• [What is required]:
All of the lines below need to be copied exactly, apart from the pictures.

Working data START

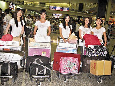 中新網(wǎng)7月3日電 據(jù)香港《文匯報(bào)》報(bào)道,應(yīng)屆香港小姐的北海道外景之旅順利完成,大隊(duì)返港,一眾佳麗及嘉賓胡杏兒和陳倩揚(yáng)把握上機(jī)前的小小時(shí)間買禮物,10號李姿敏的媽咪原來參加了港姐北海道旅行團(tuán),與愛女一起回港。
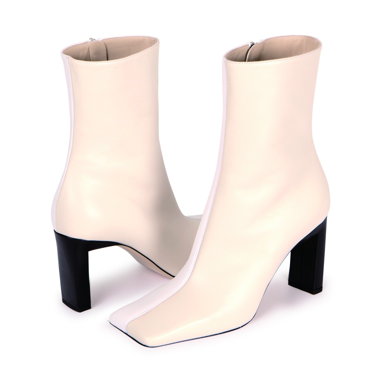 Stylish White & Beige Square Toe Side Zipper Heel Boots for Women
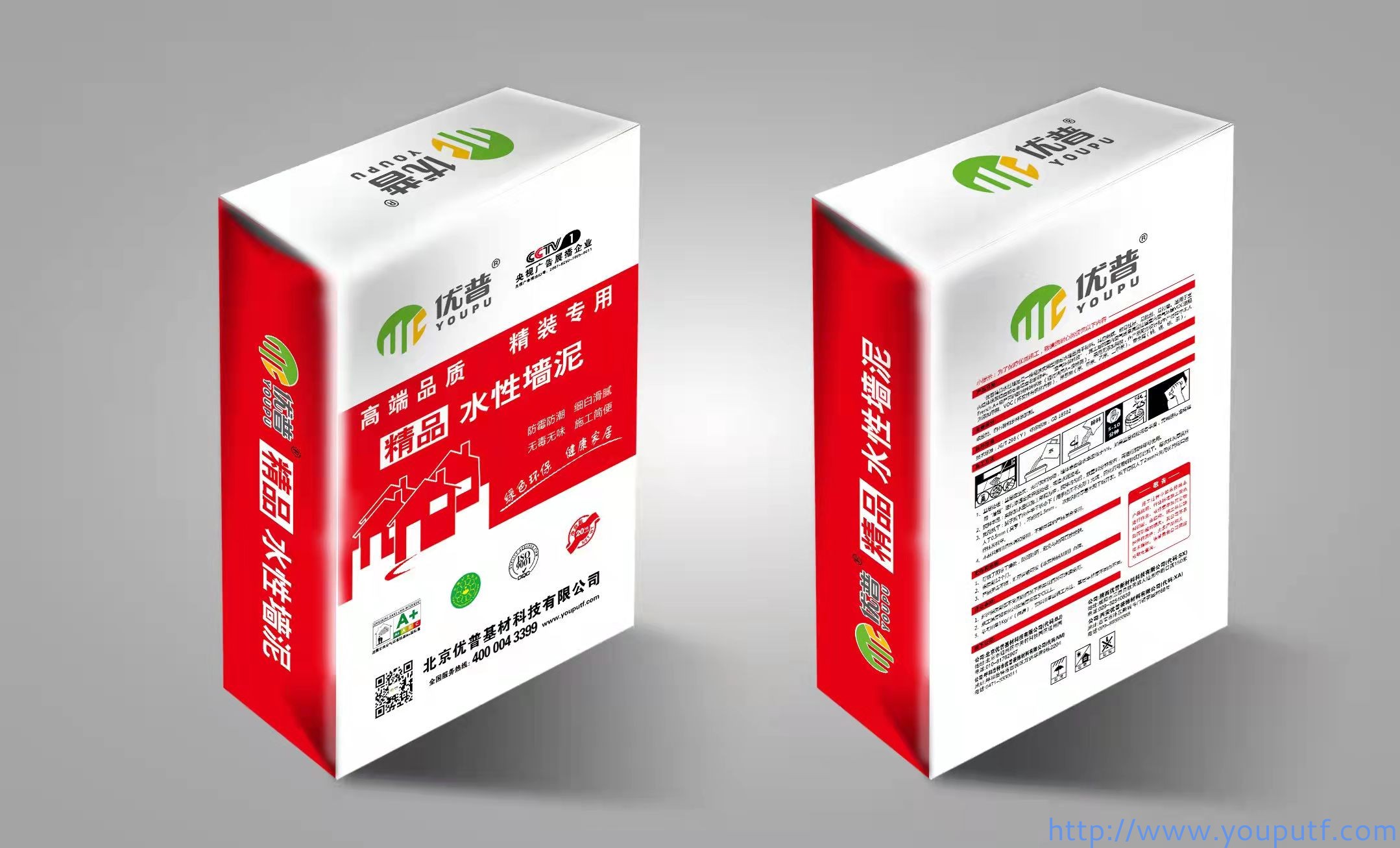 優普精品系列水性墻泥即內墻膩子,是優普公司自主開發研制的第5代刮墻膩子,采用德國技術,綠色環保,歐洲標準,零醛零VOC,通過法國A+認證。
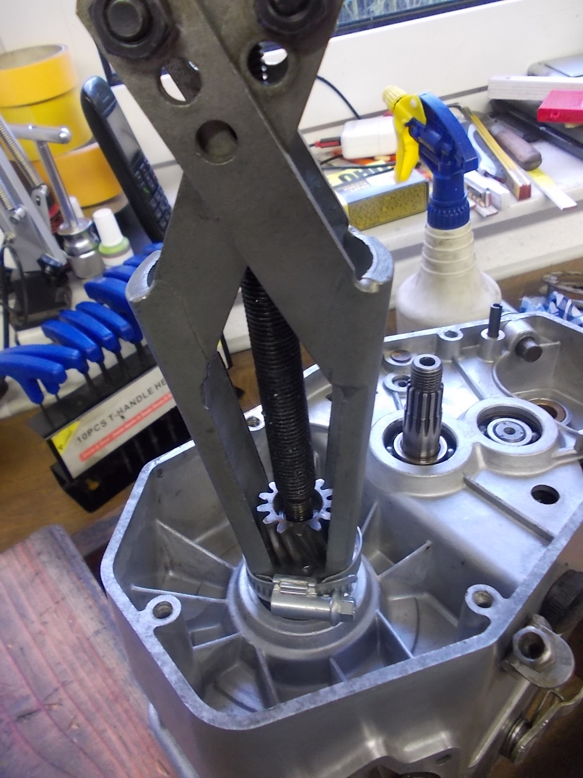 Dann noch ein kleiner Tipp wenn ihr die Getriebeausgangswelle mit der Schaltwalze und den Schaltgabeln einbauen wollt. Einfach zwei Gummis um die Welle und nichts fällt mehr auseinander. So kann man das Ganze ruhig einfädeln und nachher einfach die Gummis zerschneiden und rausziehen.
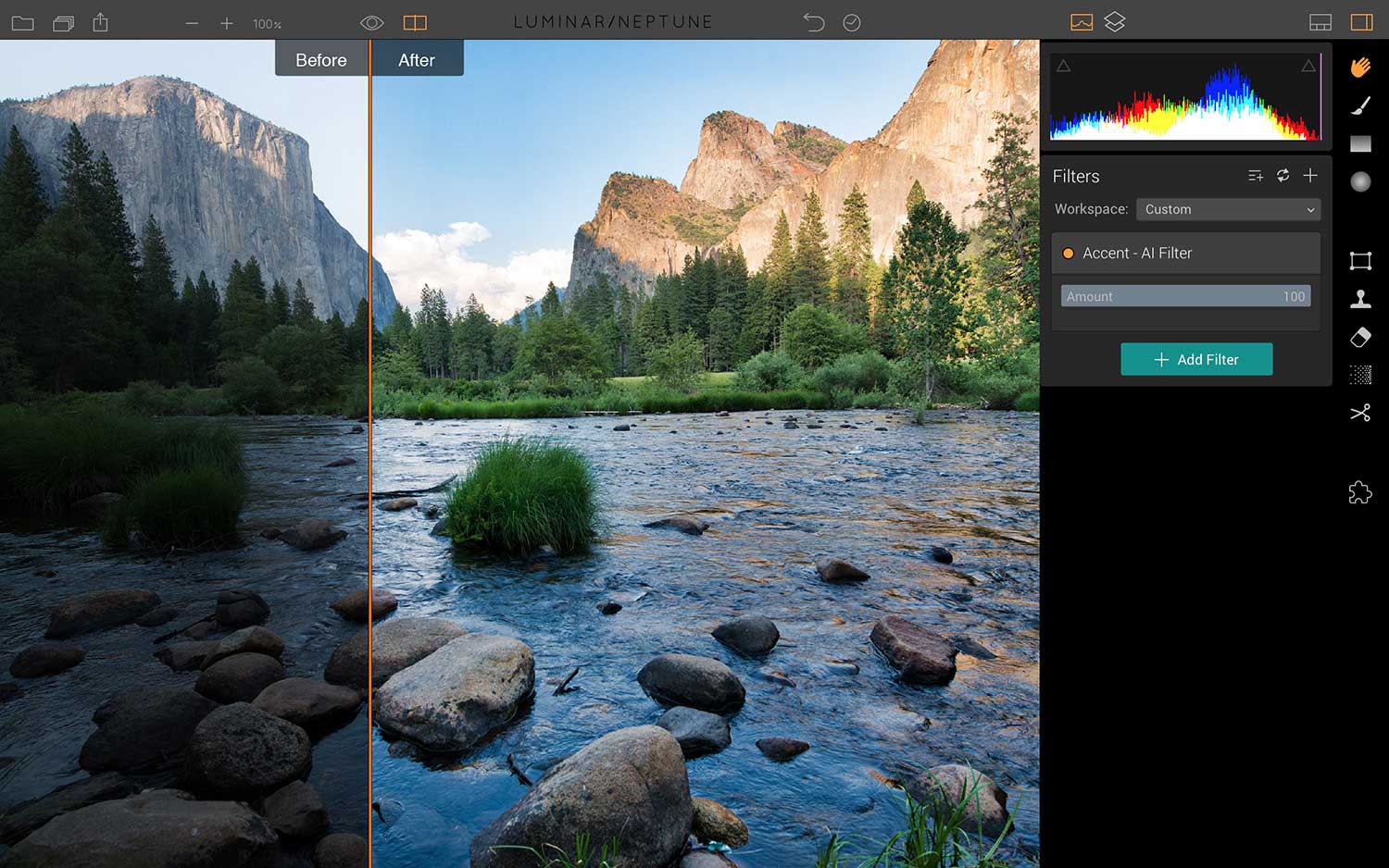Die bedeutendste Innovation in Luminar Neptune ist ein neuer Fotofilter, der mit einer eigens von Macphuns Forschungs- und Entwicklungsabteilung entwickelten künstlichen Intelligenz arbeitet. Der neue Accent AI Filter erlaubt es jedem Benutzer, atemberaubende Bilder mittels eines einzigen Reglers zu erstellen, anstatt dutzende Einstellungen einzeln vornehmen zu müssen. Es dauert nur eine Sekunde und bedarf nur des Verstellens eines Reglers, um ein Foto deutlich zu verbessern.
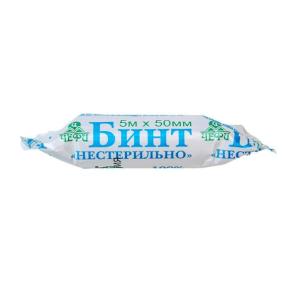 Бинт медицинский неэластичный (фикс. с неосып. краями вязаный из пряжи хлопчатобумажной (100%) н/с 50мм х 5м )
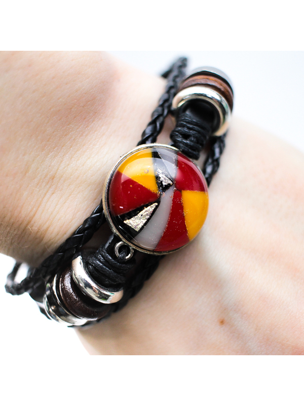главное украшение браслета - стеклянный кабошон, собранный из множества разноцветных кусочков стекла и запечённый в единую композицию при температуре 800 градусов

Working data END

• [Task response]:
 中新網(wǎng)7月3日電 據(jù)香港《文匯報(bào)》報(bào)道,應(yīng)屆香港小姐的北海道外景之旅順利完成,大隊(duì)返港,一眾佳麗及嘉賓胡杏兒和陳倩揚(yáng)把握上機(jī)前的小小時(shí)間買禮物,10號李姿敏的媽咪原來參加了港姐北海道旅行團(tuán),與愛女一起回港。
 Stylish White & Beige Square Toe Side Zipper Heel Boots for Women
 優普精品系列水性墻泥即內墻膩子,是優普公司自主開發研制的第5代刮墻膩子,采用德國技術,綠色環保,歐洲標準,零醛零VOC,通過法國A+認證。
 Dann noch ein kleiner Tipp wenn ihr die Getriebeausgangswelle mit der Schaltwalze und den Schaltgabeln einbauen wollt. Einfach zwei Gummis um die Welle und nichts fällt mehr auseinander. So kann man das Ganze ruhig einfädeln und nachher einfach die Gummis zerschneiden und rausziehen.
Die bedeutendste Innovation in Luminar Neptune ist ein neuer Fotofilter, der mit einer eigens von Macphuns Forschungs- und Entwicklungsabteilung entwickelten künstlichen Intelligenz arbeitet. Der neue Accent AI Filter erlaubt es jedem Benutzer, atemberaubende Bilder mittels eines einzigen Reglers zu erstellen, anstatt dutzende Einstellungen einzeln vornehmen zu müssen. Es dauert nur eine Sekunde und bedarf nur des Verstellens eines Reglers, um ein Foto deutlich zu verbessern.
 Бинт медицинский неэластичный (фикс. с неосып. краями вязаный из пряжи хлопчатобумажной (100%) н/с 50мм х 5м )
главное украшение браслета - стеклянный кабошон, собранный из множества разноцветных кусочков стекла и запечённый в единую композицию при температуре 800 градусов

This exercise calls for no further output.